■ **EXERCISE GOAL**: Wherever pictures appear in the listing below, leave them out, and copy exactly, and only, everything from the line with "Bayer Filter Array 에" down to the line with "Don’t AsK Clear".
───── MATERIAL PROVIDED ─────
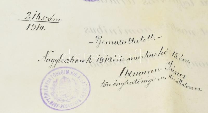 1908 Budapest, Magyar Királyi Állatorvosi Főiskola által kiállított di... https://www.darabanth.com/de/399-Fernauktion/399.0/Kunst-Dokumente-andere-Sammelgebiete/Dokument~500020/1908-Budapest-Magyar-Kiralyi-Allatorvosi-Foiskola-altal-kiallitott-diploma-fuggo-viaszpecs~II2440659
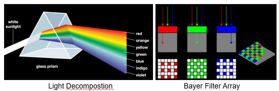 Bayer Filter Array 에 있는 필터는 들어오는 색상중 일정 색상만 걸러서 표시한다. Bayer Filter Array 필터에서 RGB 단위로 걸러서 표시한다. 필터 내부에 들어온 색상을 R은 빨강만 G 는 초록만 B는 파랑만 통과시킨다. 각 필터의 밝기를 0 에서 100까지 추산하여 밝기를 매핑하여 출력한다.
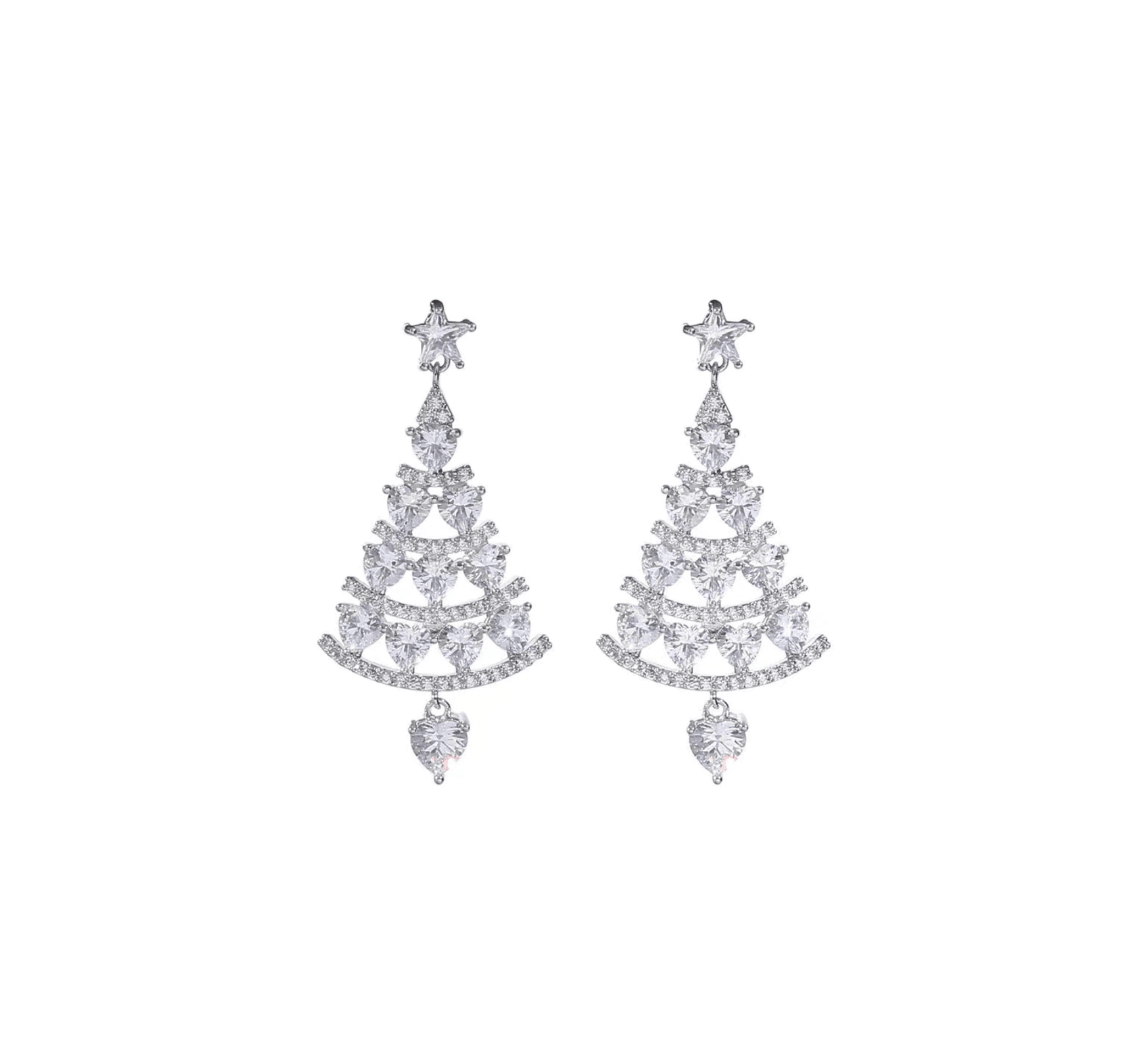 Don’t AsK Clear Crystal Christmas Tree Drop Earrings ?C Festive Holiday Jewellery for Women
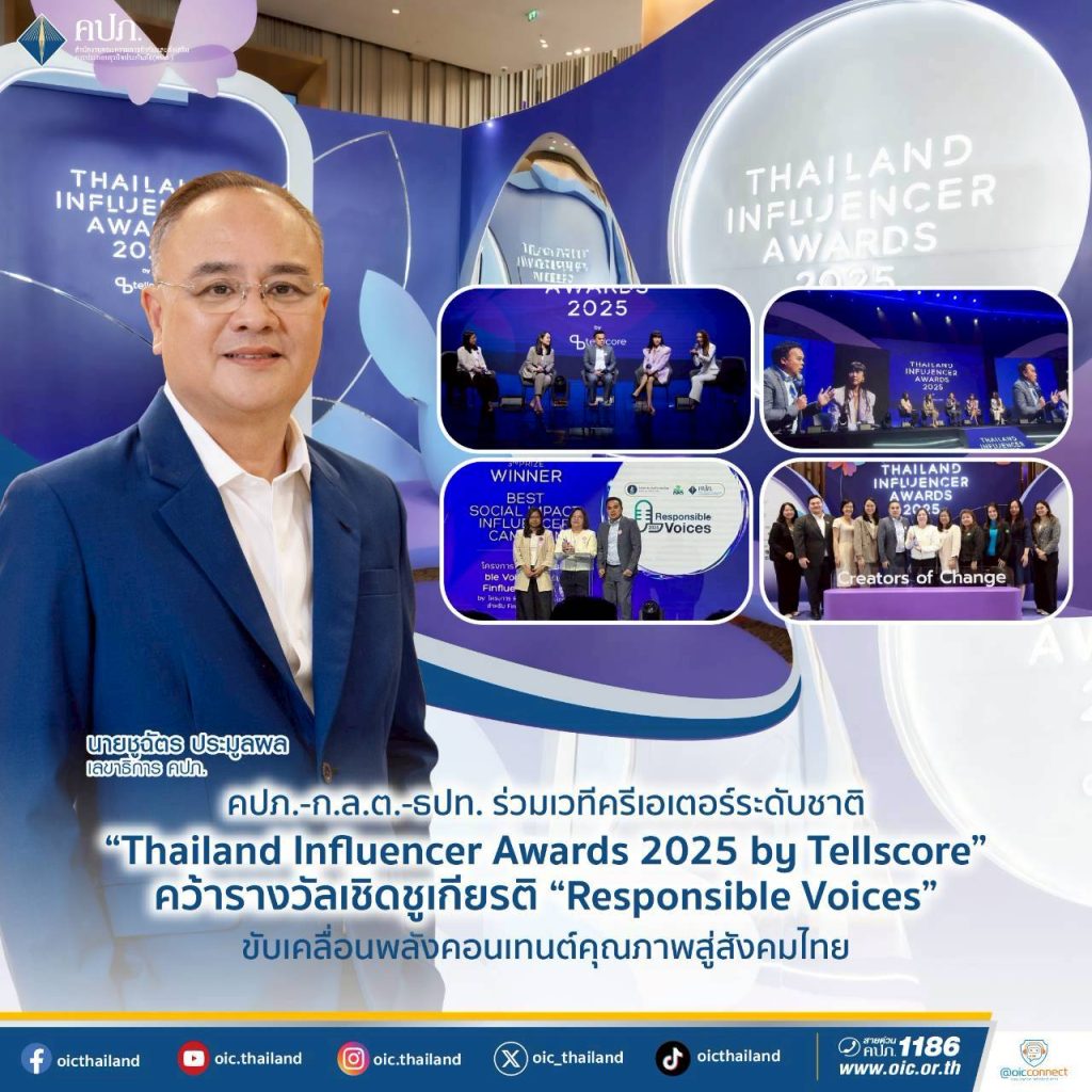 สำนักงานคณะกรรมการกำกับและส่งเสริมการประกอบธุรกิจประกันภัย (สำนักงาน คปภ.)โดย นายชูฉัตร ประมูลผล เลขาธิการ คปภ. มอบหมายให้นายเจษฎา วรรณเขจร ผู้อำนวยการกลุ่มงานสื่อสารองค์กร เป็นผู้แทนสำนักงาน คปภ. เข้าร่วมงาน “Thailand Influencer Awards 2025 by Tellscore” ซึ่งจัดโดย บริษัท เทลสกอร์ จำกัด ผู้นำด้านแพลตฟอร์ม Influencer Marketing Automation ณ TRUE ICON HALL ชั้น 7 ศูนย์การค้าไอคอนสยาม ภายใต้ธีม “Creators of Change – ครีเอเตอร์เปลี่ยนโลกพารอด”
─────
■ **FINAL ANSWER**:
 Bayer Filter Array 에 있는 필터는 들어오는 색상중 일정 색상만 걸러서 표시한다. Bayer Filter Array 필터에서 RGB 단위로 걸러서 표시한다. 필터 내부에 들어온 색상을 R은 빨강만 G 는 초록만 B는 파랑만 통과시킨다. 각 필터의 밝기를 0 에서 100까지 추산하여 밝기를 매핑하여 출력한다.
 Don’t AsK Clear Crystal Christmas Tree Drop Earrings ?C Festive Holiday Jewellery for Women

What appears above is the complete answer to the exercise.